Tuesday 1 April 2014

Torture 'Did Not Lead To Bin Laden'

Waterboarding and other harsh interrogation methods provided no key evidence in the hunt for Osama bin Laden, a Senate investigation has concluded.
The report by the Senate intelligence committee examined the treatment of several high-level terror detainees and the information they provided on the man widely considered to be responsible for the 9/11 attacks.
The CIA disputes the conclusions and the intelligence agency is locked in a fight with the committee over the case.
Former Bush administration figures and top CIA officials said trailing bin Laden to his compound in Pakistan was vindication of the "enhanced interrogation techniques" they authorised after the September 11 attacks.
But Democratic and some Republican senators have called that account misleading, saying waterboarding – where a detainee is subjected to simulated drownings - sleep deprivation and other such practices were cruel and ineffective.
The 6,200-page report backs the latter.
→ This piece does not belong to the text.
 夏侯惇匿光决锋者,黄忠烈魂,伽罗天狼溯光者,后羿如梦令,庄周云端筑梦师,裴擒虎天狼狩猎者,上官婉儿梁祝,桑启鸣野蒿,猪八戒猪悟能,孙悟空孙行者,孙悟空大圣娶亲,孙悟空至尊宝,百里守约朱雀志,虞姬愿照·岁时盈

The document is still secret but a congressional vote on Thursday may look to declassify a summary.
Aerial view of compound The Abbottabad compound where bin Laden was tracked down and killed
The most high-profile detainee linked to the bin Laden investigation was Khalid Sheikh Mohammed, who is of accused of masterminding 9/11 mastermind and who was waterboarded 183 times.
Mohammed confirmed after his 2003 capture that he knew an important al Qaeda courier with the nom de guerre Abu Ahmed al Kuwaiti.
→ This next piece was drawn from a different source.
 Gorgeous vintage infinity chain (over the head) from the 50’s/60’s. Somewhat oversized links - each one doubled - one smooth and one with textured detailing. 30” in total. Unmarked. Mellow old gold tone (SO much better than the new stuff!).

The Senate report concludes such information was not critical.
Mohammed only discussed al Kuwaiti months after being waterboarded, while he was under standard interrogation, according to congressional aides familiar with the report.
And Mohammed neither acknowledged al Kuwaiti's significance nor provided interrogators with the courier's real name.
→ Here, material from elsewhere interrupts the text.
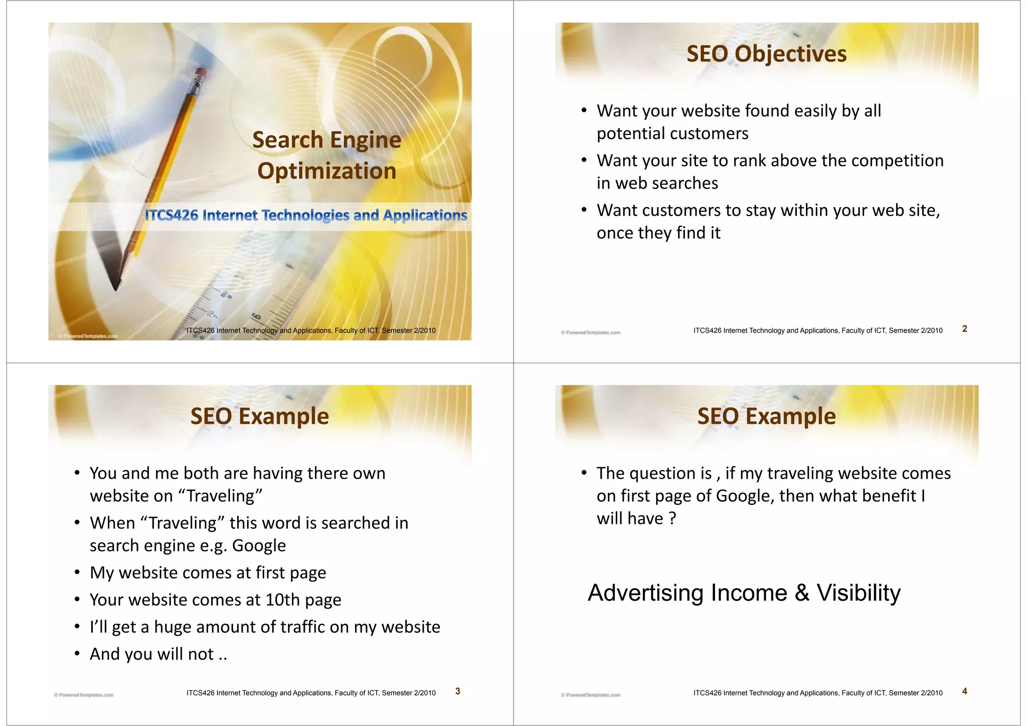 The document discusses search engine optimization (SEO) objectives and techniques. The three main SEO objectives are: 1) having a website easily found by potential customers through search engines, 2) ranking above competitors in search results, and 3) keeping visitors on the website once they arrive. The document then explains SEO techniques like researching keywords, optimizing pages for keywords, and measuring results to improve rankings over time. Overall, the goal of SEO is to drive more relevant traffic to a website through search engine results.

The courier eventually led US intelligence to the Pakistani military town of Abbottabad, where bin Laden was hiding.
Jessica Chastain in Zero Dark Thirty (Universal Pictures) Jessica Chastain in Zero Dark Thirty, the movie on the hunt for bin Laden
There, in May 2011, Navy SEALs killed bin Laden in a secret mission.
The issue of whether torture was instrumental in leading US officials to bin Laden was also hotly debated after the release of the Oscar nominated movie Zero Dark Thirty, a dramatisation of the hunt for the terror chief.
The movie shows torture to have played an important role in finding bin Laden, but group of US senators disputed that view.
Critics also said the movie endorsed torture, though this was dismissed as "absurd" by star Jessica Chastain and others involved in the film.